Belfast city at night, Northern Ireland, UK
Belfast city at night, Northern Ireland, UK

If you’re looking for a fun-filled destination to travel to in December then the Northern Ireland city of Belfast may be right up your street.

Brimming with lively pubs and bars with fantastic attractions, Belfast is a great location to celebrate the festive season. With temperatures as low as 5 degrees, packing your thermals instead of your bikini is recommended! 

Visit Belfast Christmas market for a mulled wine and a browse around the vast array of Alpine-style wooden huts selling handmade Yuletide gifts and home accessories. 
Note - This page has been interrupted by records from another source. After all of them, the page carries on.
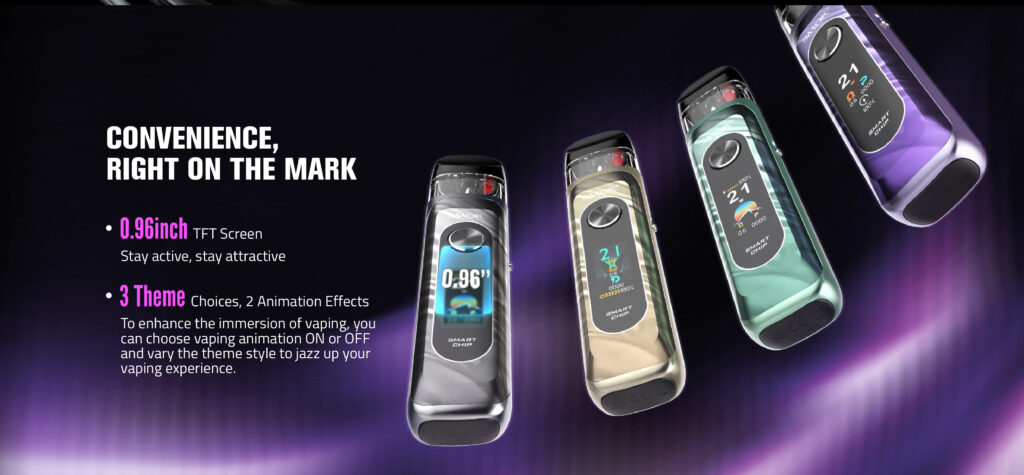 The addition of a 0.96″ TFT screen provides clear visibility of key information, such as wattage, battery level, and settings. This small but impactful feature gives users better control and awareness of their vaping preferences.
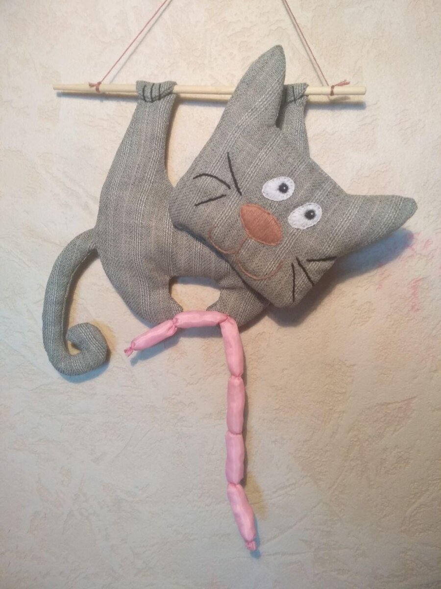 Как сделать забавного текстильного котика для малыша, пошагово с фото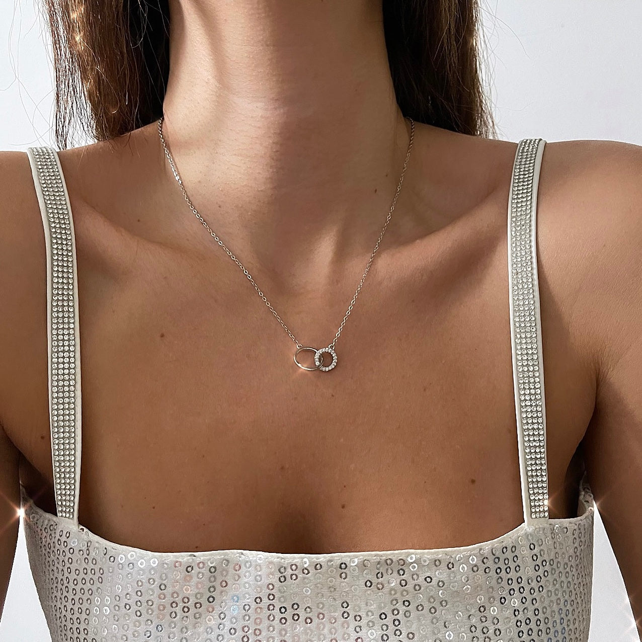 שרשרת 2 עיגולים מחוברים אחד משובץ כסף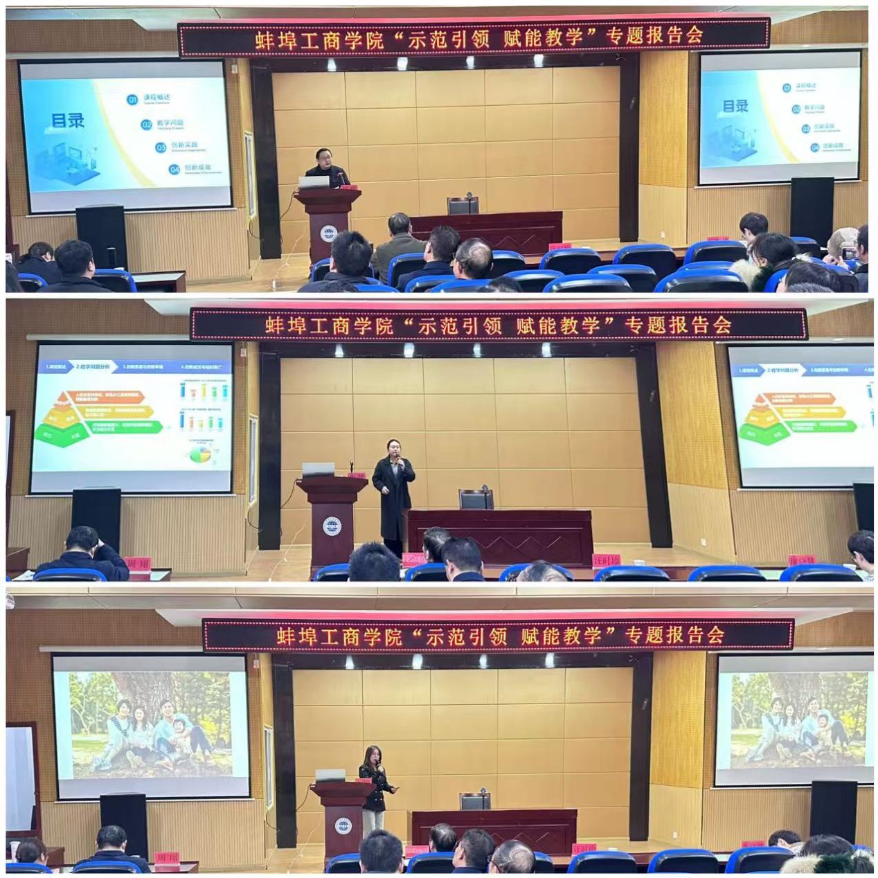 12月10日,我校在格物楼B101举行“示范引领 赋能教学”专题报告会,特邀首届全国高校教师教学创新大赛一等奖获得者廖晓慧教授作专题报告,并邀请我校在第五届长三角民办高校教师教学技能大赛决赛中获奖的周翔、仇艳、王晓敏三位教师进行教学示范展示。副校长汪时珍出席会议并致开幕词,来自各学院(部)的近300位教师参加会议。会议由教务处处长经庭如主持。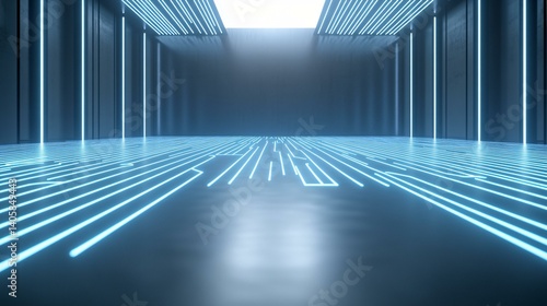 Vibrant factory floor with detailed assembly arms, minimal glowing blue digital circuit lines and data points hovering, radiant indoor light from open windows casting crisp arm shadows, smart
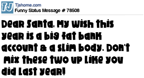 - # 40756 Dear Santa, My wish 4 this year is a big, fat bank account & a slim body. Pls don't mix these 2 up like you did last year!!!!!

Shop for last minute gifts at Victoria Square where you can find popular high street stores such as Mango, Goldsmiths and Tommy Hilfiger. It is also home to Belfast’s one and only Apple store which may come in handy when looking for that perfect present. 
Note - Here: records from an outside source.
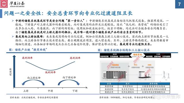 中游的儲(chǔ)能系統(tǒng)集成環(huán)節(jié)是安全問題“第一責(zé)任人” :中游儲(chǔ)能系統(tǒng)集成具備標(biāo)準(zhǔn)化機(jī)架式設(shè)備,組裝難度低。一般地,下游客戶對(duì)上游元器件的要求較高,而對(duì)集成商的品牌關(guān)注度較低,因此“低毛利、高營(yíng)收”的特性吸引了眾多企業(yè)入局,內(nèi)卷激烈。而下游的所有權(quán)、使用權(quán)和收益權(quán)分化,權(quán)責(zé)不明晰,均無法對(duì)全鏈條安全問題負(fù)責(zé)。由于儲(chǔ)能集成系統(tǒng)是對(duì)上游元器件的耦合,成為唯一能對(duì)整個(gè)儲(chǔ)能系統(tǒng)產(chǎn)品的安全負(fù)責(zé)的環(huán)節(jié)。
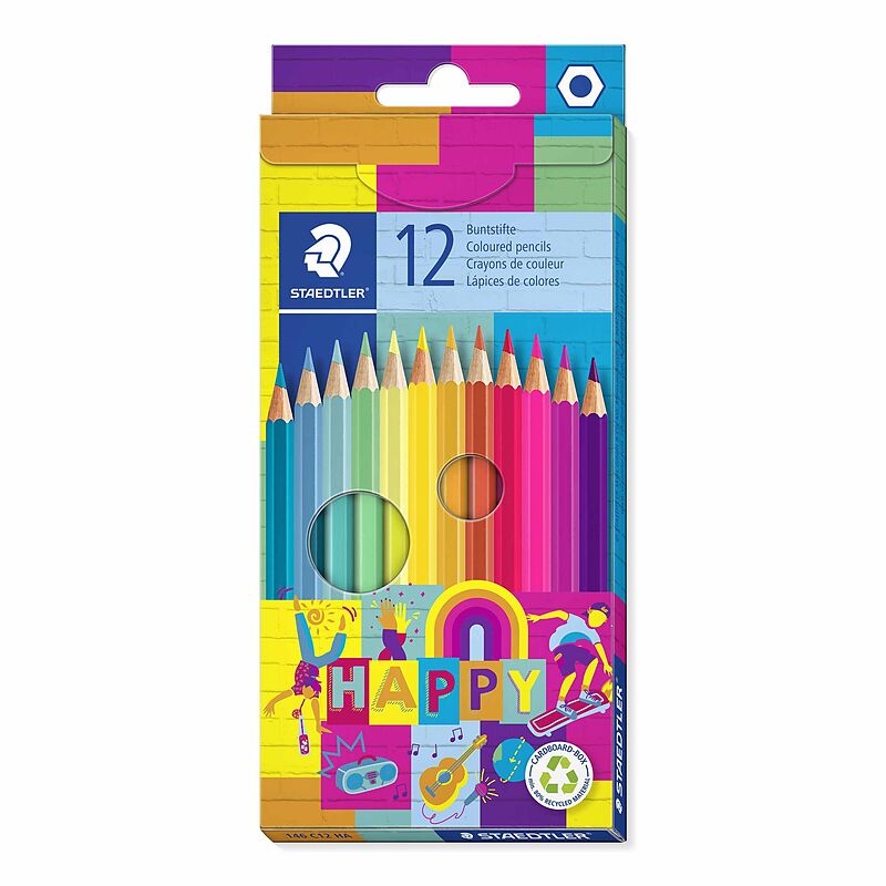 STAEDTLER 146 Buntstift Buntstift im klassischen Sechskantformat Weiche Mine Erhältlich in 12 Farben Holz aus PEFC-zertifizierten, nachhaltig bewirtschafteten Wäldern Spitzer Empfehlung: Doppelklappspitzdose 512 PS2 für ideale Spitzergebnisse Lieferumfang: Ka...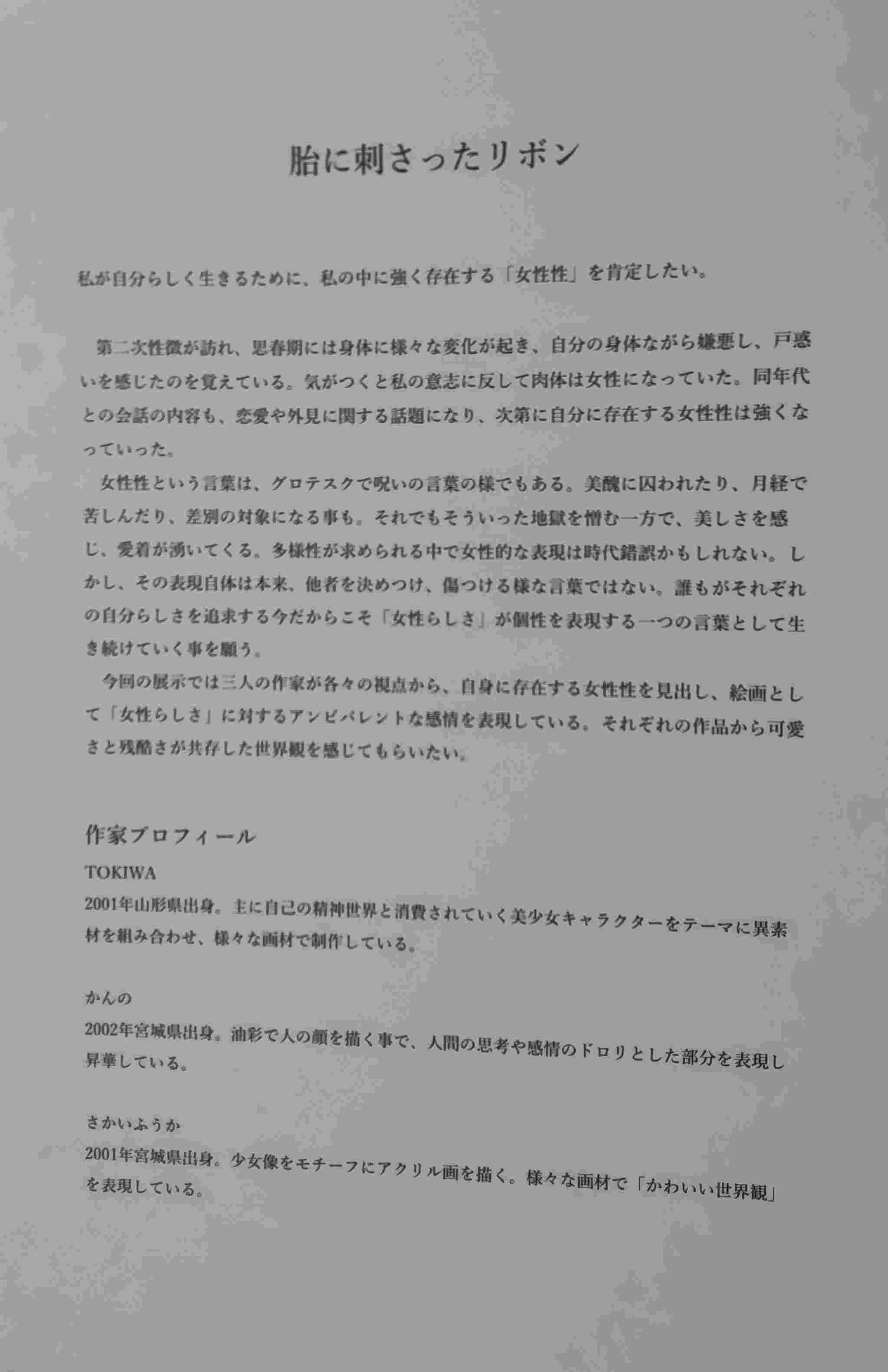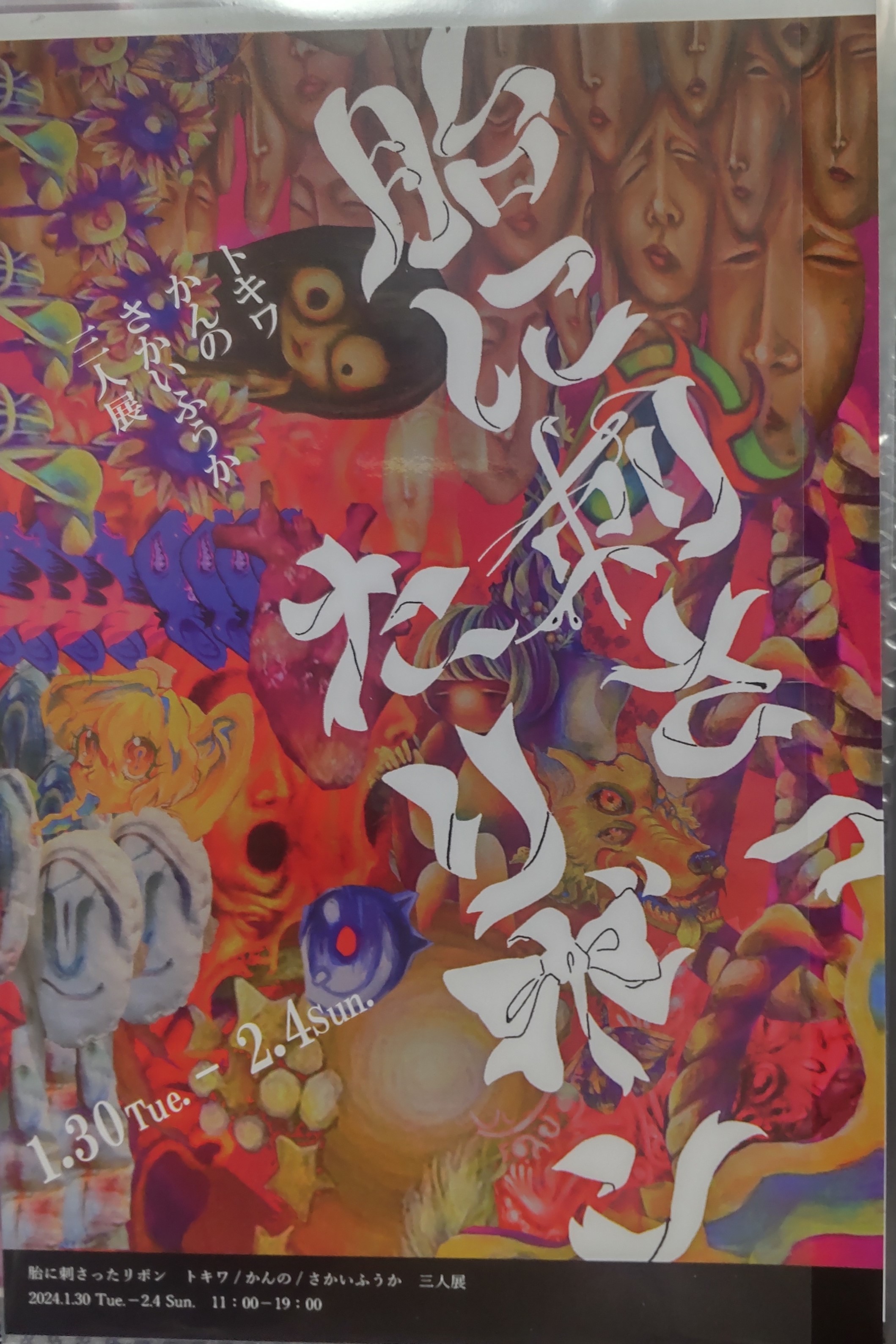 2月2日と3日に仙台アーティストランプレイス(SARP)で見た「かんの」さん「トキワ」さん「さかいふうか」さんによる三人展『胎に刺さったリボン』は、私にとっては非常に重大な出会いでした。2022年11月に同じ場所で見た「わたし、にしかみえない星」展に次ぐ衝撃を受けました。

The infamous Titanic Belfast museum is worth a visit. Explore the iconic building and dive into the history of Titanic and all those onboard the ship during that fateful time. With places to eat and shop along the way, Titanic Belfast is a great day out for all the family. 

Belfast is jam-packed with things to do socially, however the countryside here is simply unmatched. So throw on a pair of hiking boots and explore this beautiful land.


Best Place For Winter Sun

sunset over The Rumps and Pentire Head on the North Coast of Cornwall
Sunset over The Rumps and Pentire Head on the North Coast of Cornwall

Even during the hottest months of the year, the sun is never guaranteed anywhere in the UK, and even more so in the winter. But if you are going to find the sun anywhere in December your best bet is to travel down south.
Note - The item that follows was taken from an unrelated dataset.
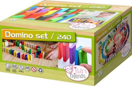 Isa’s Friends Domino Stenen Set Hout 240pcs – XL Dominoset Incl. 4 Elementen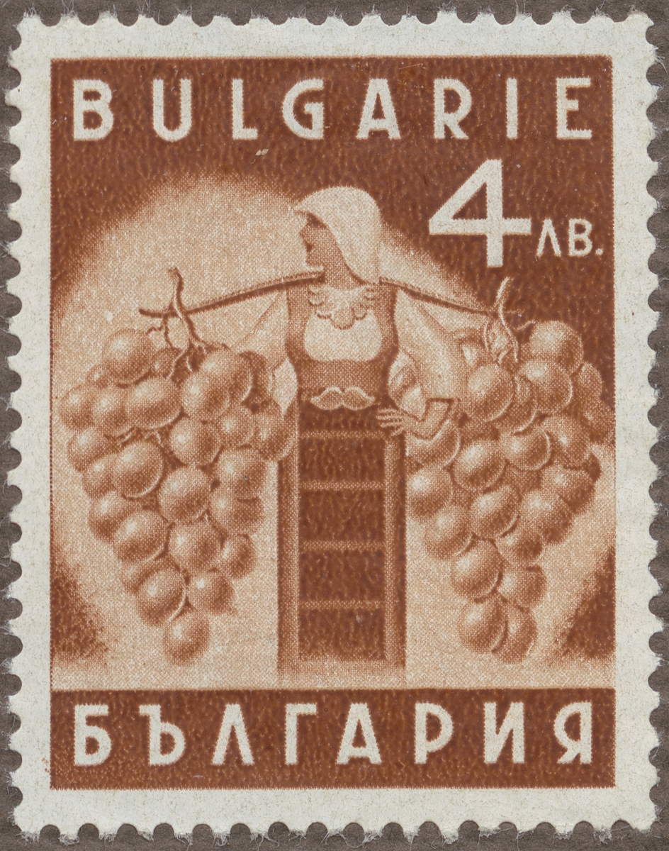 Frimärke från Bulgarien, 1938. Motiv bulgariska bondkvinnor med vindruvsklasar på ok. "Propagandaserie för inhemska lantbruksprodukter".

Cornwall is known for reaching high temperatures during the summer months and even though it will be cold in December, that little bit of sun is good for the soul.

You will find that Newquay is generally a lot quieter than it is in the summer months. The bars and clubs are not as busy and there are less people out and about. But don’t let that stop you from exploring this charming corner of the UK. 

Take a wintry walk along iconic Fistral Beach which is known across Europe for its ridiculously good waves. The beach takes on a different persona in the colder months as it changes from a jam-packed tourist spot to an eerily quiet spot paired with harsh winds and crashing waves. An afternoon stroll across this terrifyingly electric beach will most definitely blow away the cobwebs! 

Warm yourself up with some delicious pub grub from Lanherne pub and restaurant, serving traditional home cooked food in a friendly setting. 

Keep the children entertained with a trip to Blue Reef Aquarium where they will find loggerhead sea turtles, blacktip reef sharks and thousands of vibrant shoals of fish. Book ahead to reserve your spots. 


Overall Best Place To Visit in Winter

Cathedral of York
Cathedral of York

York is a beautiful place to visit at any time of year. With its stunning architecture, ancient Shambles and sheer selection of pubs, bars and restaurants, you can’t go wrong. 

Most people avoid travelling at this time of year so the town is less crowded which is great for visitors as they avoid the hustle and bustle of the busy streets. 

Firstly, the York Christmas Markets are a must-do. Begin the festivities with a delicious hog roast bap washed down with a pint of spiced mulled cider before perusing the adorable wooden chalets for unique trinkets and handmade decorations. 

Pay a visit to the breathtaking York Minster to see the jaw-dropping interiors of this historic cathedral. The Shambles is possibly the most visited attraction in york in which some buildings date back as far as the 13th century. Dive into the history of these timber-framed buildings that are arguably the best preserved in the world. 

Hungry? Have a pit stop at one of the oldest pubs in York, The Old White Swan. The building dates back to the 16th century and is said to be haunted. The tallest man in the world, who stood at a whopping 8 feet tall, was also exhibited here in 1781.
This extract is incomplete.